§ **WHAT THIS TASK INVOLVES**:
Copy nothing but the lines below, from the one with "方法:页面布局——打印标题—" through the one with "据悉,本次会议,南京市商务局", exactly as written; no pictures should appear.

§ **DATASET**:
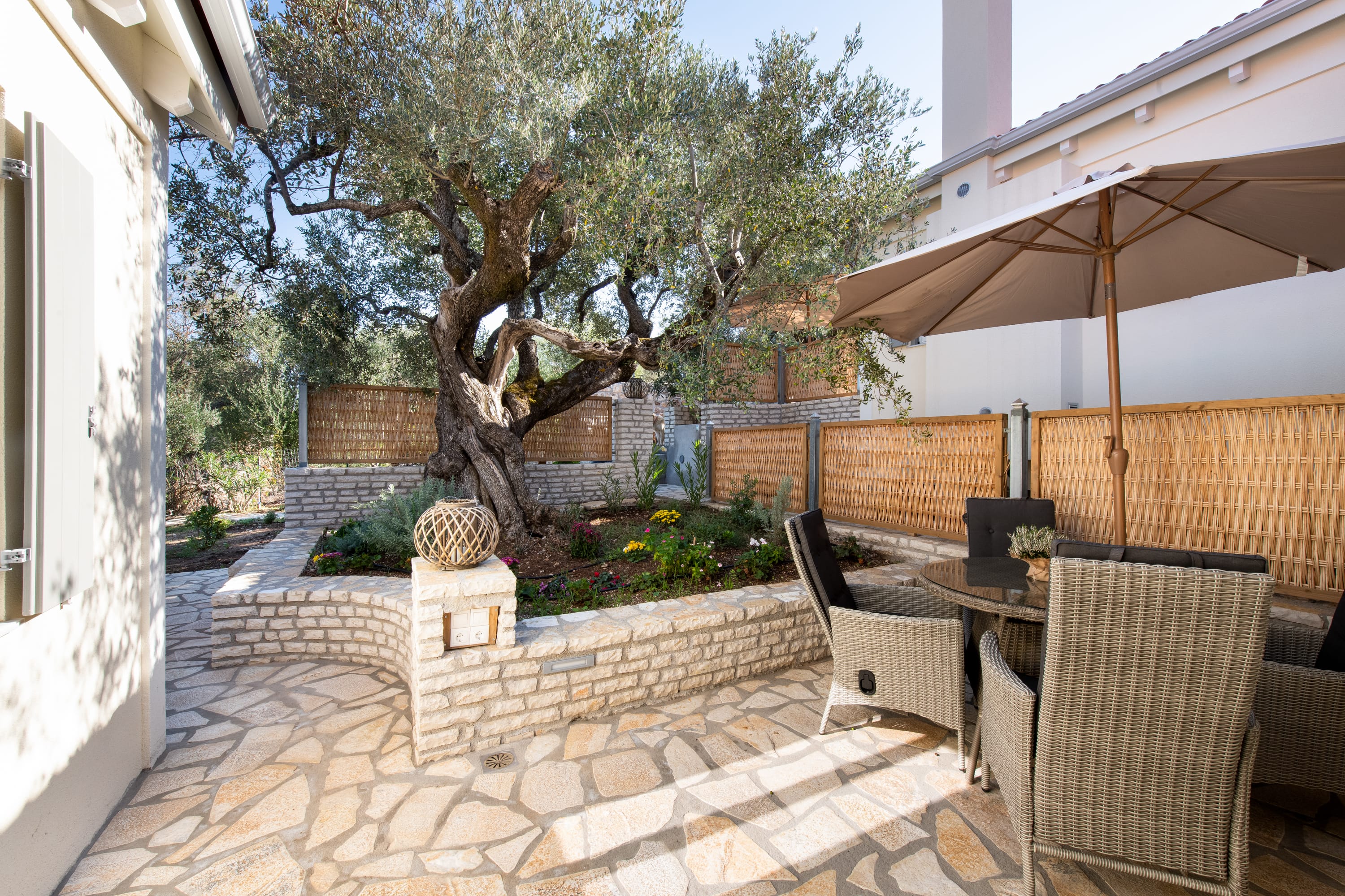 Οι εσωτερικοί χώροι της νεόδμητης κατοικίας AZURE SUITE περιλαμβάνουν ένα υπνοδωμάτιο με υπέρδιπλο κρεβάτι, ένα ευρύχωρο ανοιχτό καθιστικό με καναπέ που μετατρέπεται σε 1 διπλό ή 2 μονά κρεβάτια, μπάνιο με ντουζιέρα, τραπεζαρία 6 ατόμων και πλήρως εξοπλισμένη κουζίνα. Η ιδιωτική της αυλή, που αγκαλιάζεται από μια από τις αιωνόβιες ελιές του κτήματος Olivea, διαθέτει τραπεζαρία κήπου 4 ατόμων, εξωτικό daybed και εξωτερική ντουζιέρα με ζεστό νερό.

--

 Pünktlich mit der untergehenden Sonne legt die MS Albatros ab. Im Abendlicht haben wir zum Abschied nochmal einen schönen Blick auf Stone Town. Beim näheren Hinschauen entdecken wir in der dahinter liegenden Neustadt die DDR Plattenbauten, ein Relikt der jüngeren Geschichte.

--

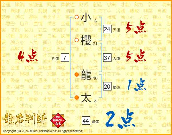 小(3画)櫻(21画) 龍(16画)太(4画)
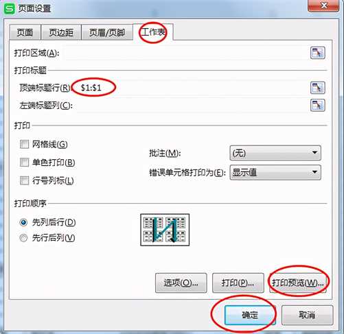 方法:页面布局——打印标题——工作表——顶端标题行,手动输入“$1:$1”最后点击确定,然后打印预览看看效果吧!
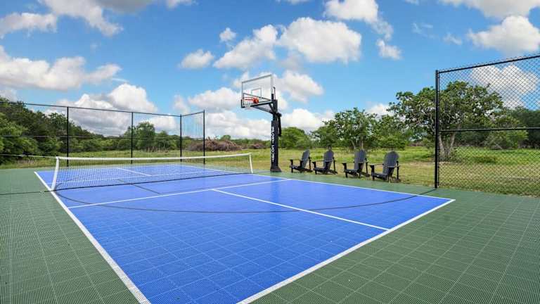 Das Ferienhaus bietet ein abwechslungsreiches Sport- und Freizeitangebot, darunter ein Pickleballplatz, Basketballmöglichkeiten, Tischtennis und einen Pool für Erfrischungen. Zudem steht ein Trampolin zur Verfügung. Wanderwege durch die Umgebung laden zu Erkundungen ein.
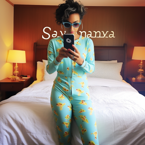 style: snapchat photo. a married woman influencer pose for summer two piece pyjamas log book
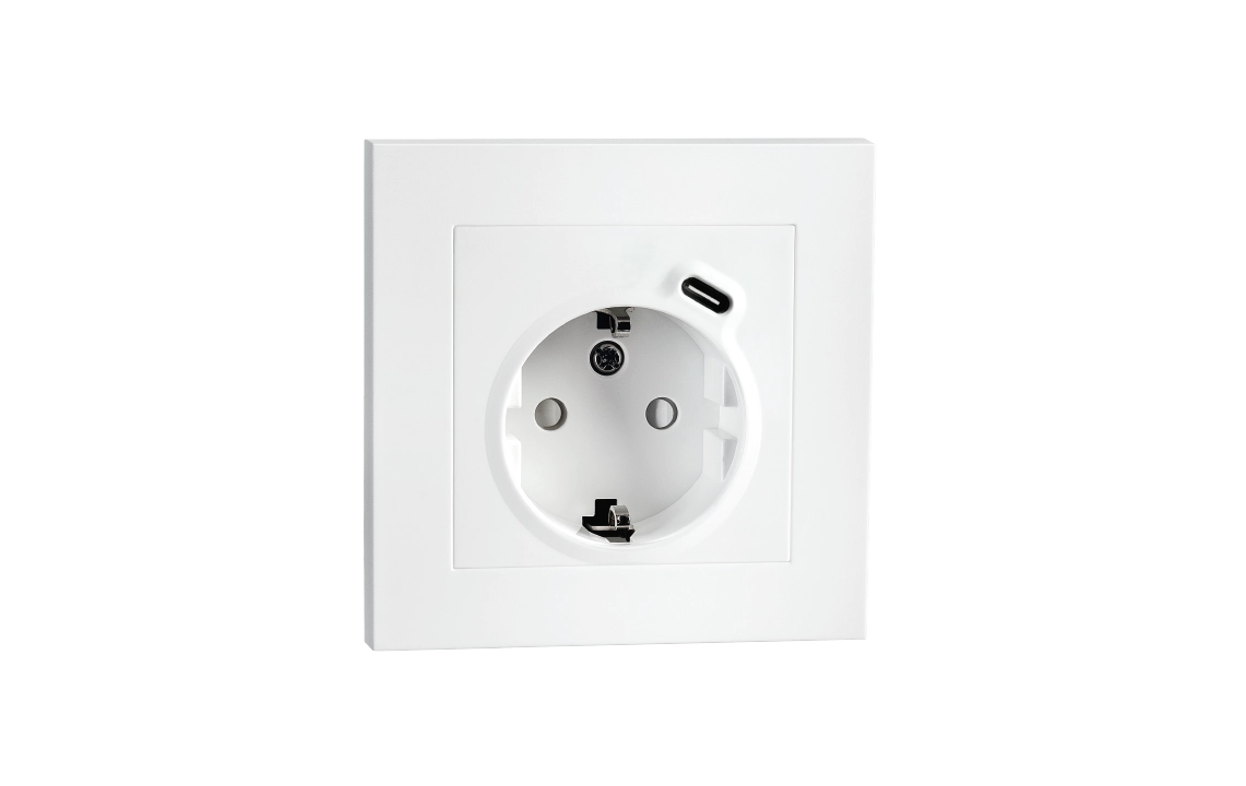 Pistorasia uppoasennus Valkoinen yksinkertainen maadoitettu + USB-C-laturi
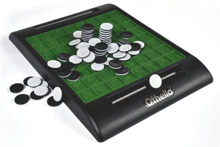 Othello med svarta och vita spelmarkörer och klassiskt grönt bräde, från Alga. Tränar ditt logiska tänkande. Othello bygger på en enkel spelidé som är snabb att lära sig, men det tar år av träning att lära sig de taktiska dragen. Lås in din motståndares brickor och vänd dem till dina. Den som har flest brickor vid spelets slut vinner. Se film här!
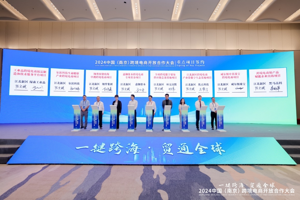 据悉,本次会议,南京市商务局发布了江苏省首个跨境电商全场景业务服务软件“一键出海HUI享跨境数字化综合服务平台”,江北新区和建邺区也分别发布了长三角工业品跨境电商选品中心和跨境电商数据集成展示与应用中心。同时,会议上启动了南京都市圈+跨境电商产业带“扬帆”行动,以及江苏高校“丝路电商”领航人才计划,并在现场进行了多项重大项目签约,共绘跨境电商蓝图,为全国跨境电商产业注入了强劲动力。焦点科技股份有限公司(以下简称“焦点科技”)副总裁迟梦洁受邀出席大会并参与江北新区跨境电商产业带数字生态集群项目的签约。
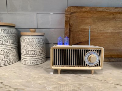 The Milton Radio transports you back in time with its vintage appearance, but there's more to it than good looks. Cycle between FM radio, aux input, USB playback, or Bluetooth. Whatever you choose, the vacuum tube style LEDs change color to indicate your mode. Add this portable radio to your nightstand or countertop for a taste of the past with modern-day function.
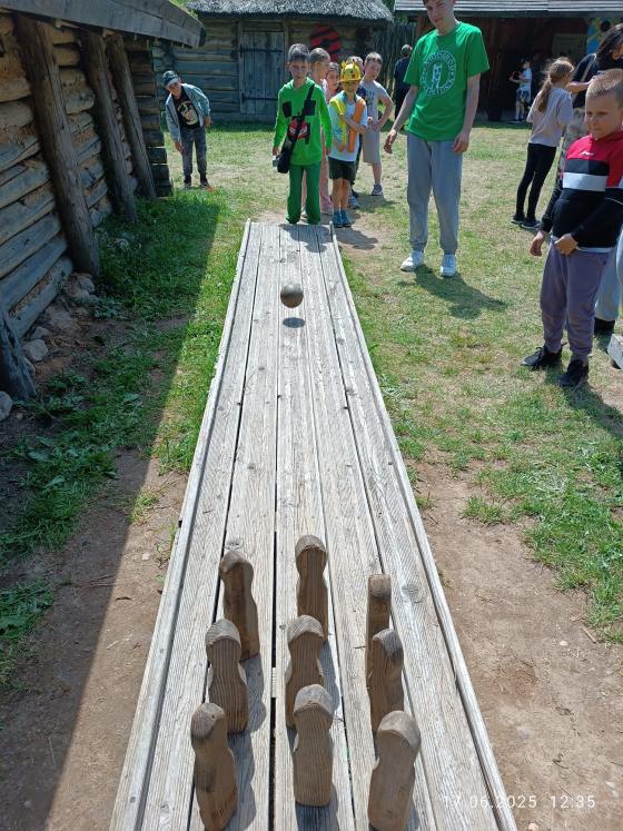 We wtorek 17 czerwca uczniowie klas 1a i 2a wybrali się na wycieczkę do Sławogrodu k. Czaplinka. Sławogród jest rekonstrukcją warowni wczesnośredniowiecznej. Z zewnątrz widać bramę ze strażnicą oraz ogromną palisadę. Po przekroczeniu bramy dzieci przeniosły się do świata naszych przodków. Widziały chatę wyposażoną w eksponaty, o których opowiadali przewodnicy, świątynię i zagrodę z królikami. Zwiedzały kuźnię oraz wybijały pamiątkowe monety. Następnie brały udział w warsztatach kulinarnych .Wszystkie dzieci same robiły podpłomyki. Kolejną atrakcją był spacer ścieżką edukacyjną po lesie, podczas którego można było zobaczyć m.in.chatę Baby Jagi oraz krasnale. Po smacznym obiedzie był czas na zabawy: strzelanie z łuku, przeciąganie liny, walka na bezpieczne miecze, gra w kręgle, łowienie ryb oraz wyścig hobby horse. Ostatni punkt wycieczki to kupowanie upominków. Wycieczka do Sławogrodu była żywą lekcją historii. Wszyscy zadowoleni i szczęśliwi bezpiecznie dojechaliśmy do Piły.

§ **ANSWER BOX**:
 方法:页面布局——打印标题——工作表——顶端标题行,手动输入“$1:$1”最后点击确定,然后打印预览看看效果吧!
 Das Ferienhaus bietet ein abwechslungsreiches Sport- und Freizeitangebot, darunter ein Pickleballplatz, Basketballmöglichkeiten, Tischtennis und einen Pool für Erfrischungen. Zudem steht ein Trampolin zur Verfügung. Wanderwege durch die Umgebung laden zu Erkundungen ein.
 style: snapchat photo. a married woman influencer pose for summer two piece pyjamas log book
 Pistorasia uppoasennus Valkoinen yksinkertainen maadoitettu + USB-C-laturi
 Othello med svarta och vita spelmarkörer och klassiskt grönt bräde, från Alga. Tränar ditt logiska tänkande. Othello bygger på en enkel spelidé som är snabb att lära sig, men det tar år av träning att lära sig de taktiska dragen. Lås in din motståndares brickor och vänd dem till dina. Den som har flest brickor vid spelets slut vinner. Se film här!
 据悉,本次会议,南京市商务局发布了江苏省首个跨境电商全场景业务服务软件“一键出海HUI享跨境数字化综合服务平台”,江北新区和建邺区也分别发布了长三角工业品跨境电商选品中心和跨境电商数据集成展示与应用中心。同时,会议上启动了南京都市圈+跨境电商产业带“扬帆”行动,以及江苏高校“丝路电商”领航人才计划,并在现场进行了多项重大项目签约,共绘跨境电商蓝图,为全国跨境电商产业注入了强劲动力。焦点科技股份有限公司(以下简称“焦点科技”)副总裁迟梦洁受邀出席大会并参与江北新区跨境电商产业带数字生态集群项目的签约。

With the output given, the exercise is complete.